START Given data

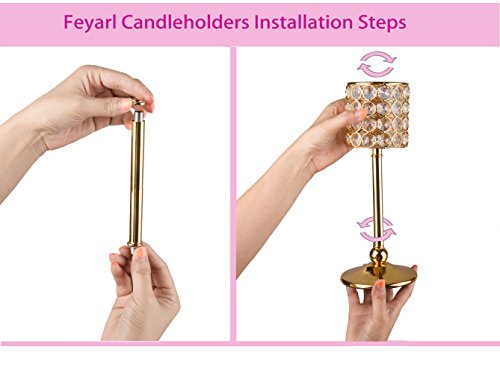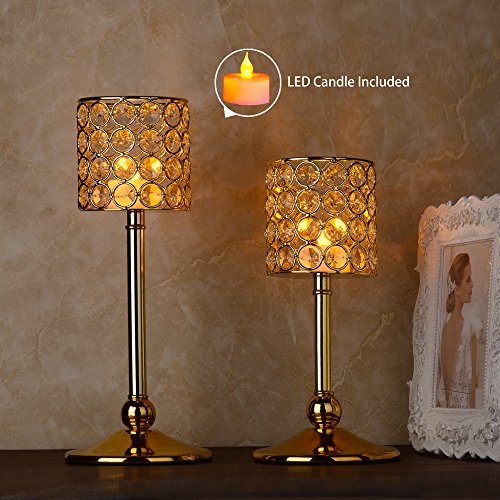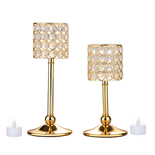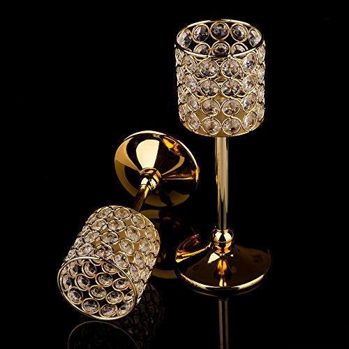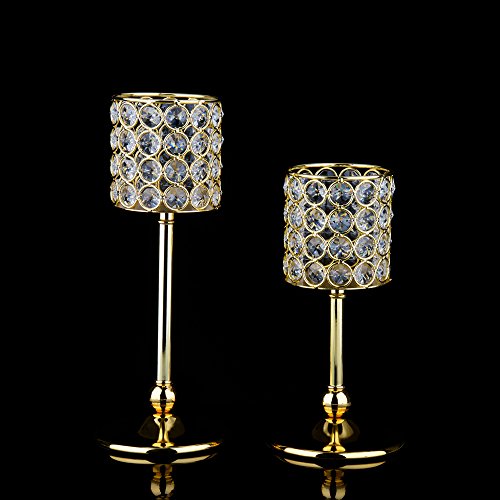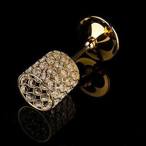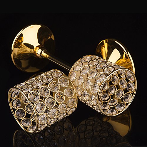 Feyarl Handcrafted Sparkly Cylindrical Crystal Candle Holders, Votive Candle Lantern for Wedding Centerpieces Exquisite Gift Home Decor (Gold)
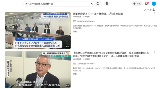 「オール沖縄会議」抗議活動中止 辺野古沖の転覆事故受け
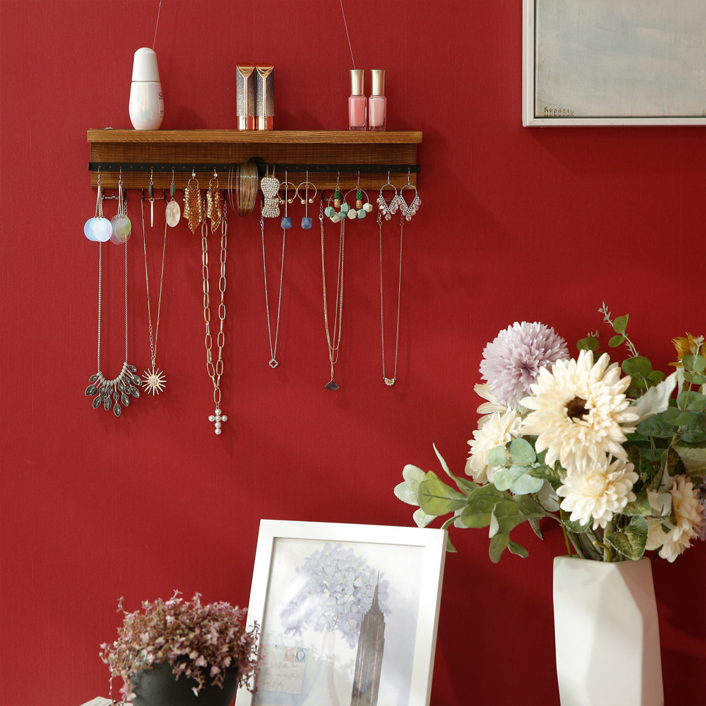 Ez a rusztikus barna fenyőfából készült fali ékszertartó tökéletes kombinációja a funkcionalitásnak és a stílusnak. A felső polc ideális parfümök és kisebb tárgyak tárolására, míg az ipari stílusú fekete fémrúdon 16 akasztó és 26 furat biztosítja nyakláncai, karkötői és fülbevalói rendezett elhelyezését.
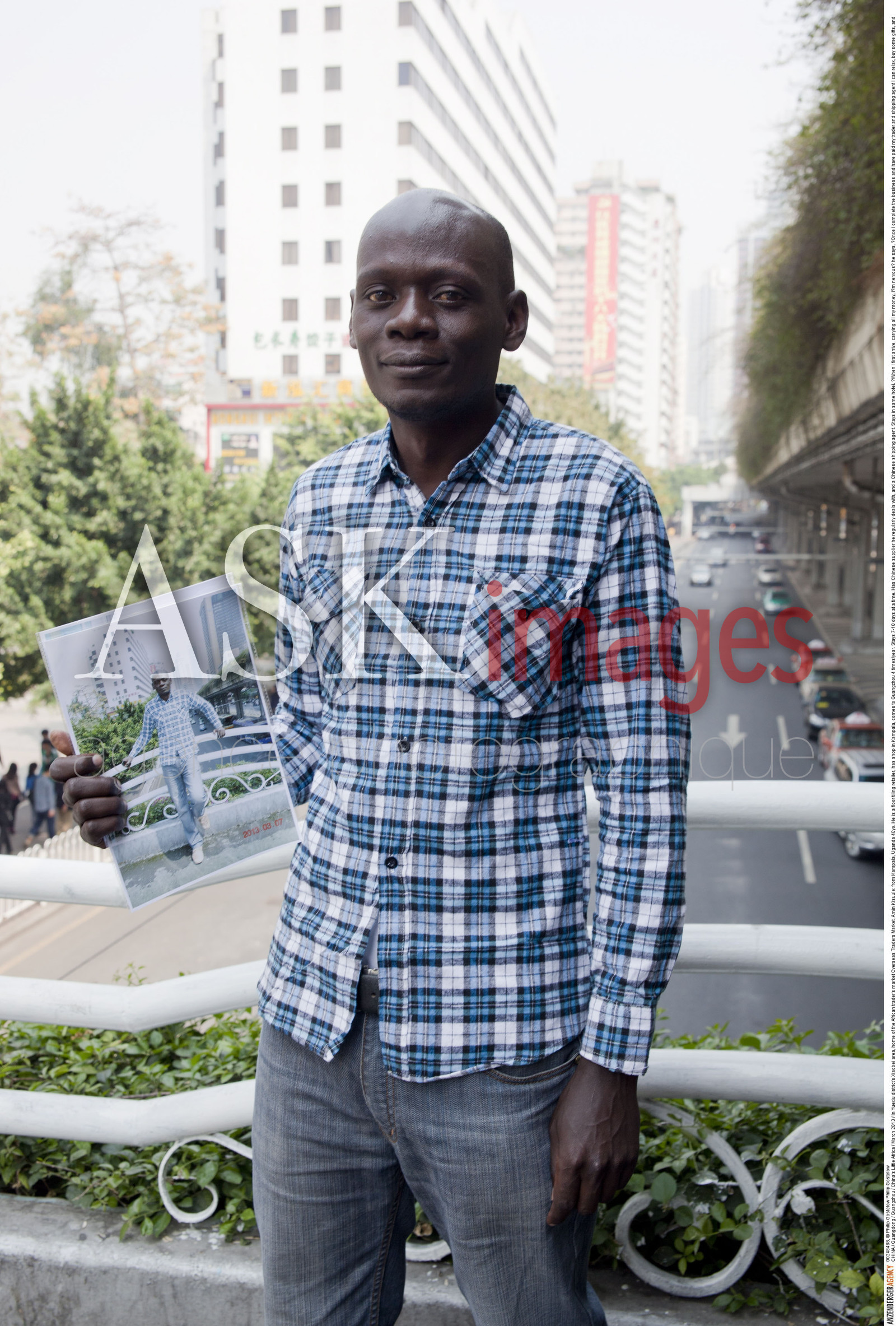 | Description | CHINA / Guangdong / Guangzhou / China's Little Africa / .In Yuexiu district's Xiaobei area, home of the African trader's market Overseas Traders Market, Amin Kisuule: from Kampala, Uganda 40yo. He is a floor tiling retailer, has shop in Kampala, comes to Guangzhou 4 times/year. Stays 7-10 days at a time. Has Chinese supplier he regularly deals with, and a Chinese shipping agent. Stays in same hotel. ?When I first arrive, carrying all my money, I?m nervous? he says, ?Once I complete the business and have paid my trader and shipping agent I can relax, buy some gifts, and (pointing to his photo) get my picture taken for the kids.? The Overseas Traders Market caters almost entirely to African merchants. Amin is one of thousands of African merchants who come to Guangzhou to trade, buying locally produced products and shipping them back to their homelands as wholesalers or retailers. ..© Philip Gostelow / Anzenberger |

END Given data

Brief.
The material above must be set down word for word, with no picture carried over.

Reply.
 Feyarl Handcrafted Sparkly Cylindrical Crystal Candle Holders, Votive Candle Lantern for Wedding Centerpieces Exquisite Gift Home Decor (Gold)
 「オール沖縄会議」抗議活動中止 辺野古沖の転覆事故受け
 Ez a rusztikus barna fenyőfából készült fali ékszertartó tökéletes kombinációja a funkcionalitásnak és a stílusnak. A felső polc ideális parfümök és kisebb tárgyak tárolására, míg az ipari stílusú fekete fémrúdon 16 akasztó és 26 furat biztosítja nyakláncai, karkötői és fülbevalói rendezett elhelyezését.
 | Description | CHINA / Guangdong / Guangzhou / China's Little Africa / .In Yuexiu district's Xiaobei area, home of the African trader's market Overseas Traders Market, Amin Kisuule: from Kampala, Uganda 40yo. He is a floor tiling retailer, has shop in Kampala, comes to Guangzhou 4 times/year. Stays 7-10 days at a time. Has Chinese supplier he regularly deals with, and a Chinese shipping agent. Stays in same hotel. ?When I first arrive, carrying all my money, I?m nervous? he says, ?Once I complete the business and have paid my trader and shipping agent I can relax, buy some gifts, and (pointing to his photo) get my picture taken for the kids.? The Overseas Traders Market caters almost entirely to African merchants. Amin is one of thousands of African merchants who come to Guangzhou to trade, buying locally produced products and shipping them back to their homelands as wholesalers or retailers. ..© Philip Gostelow / Anzenberger |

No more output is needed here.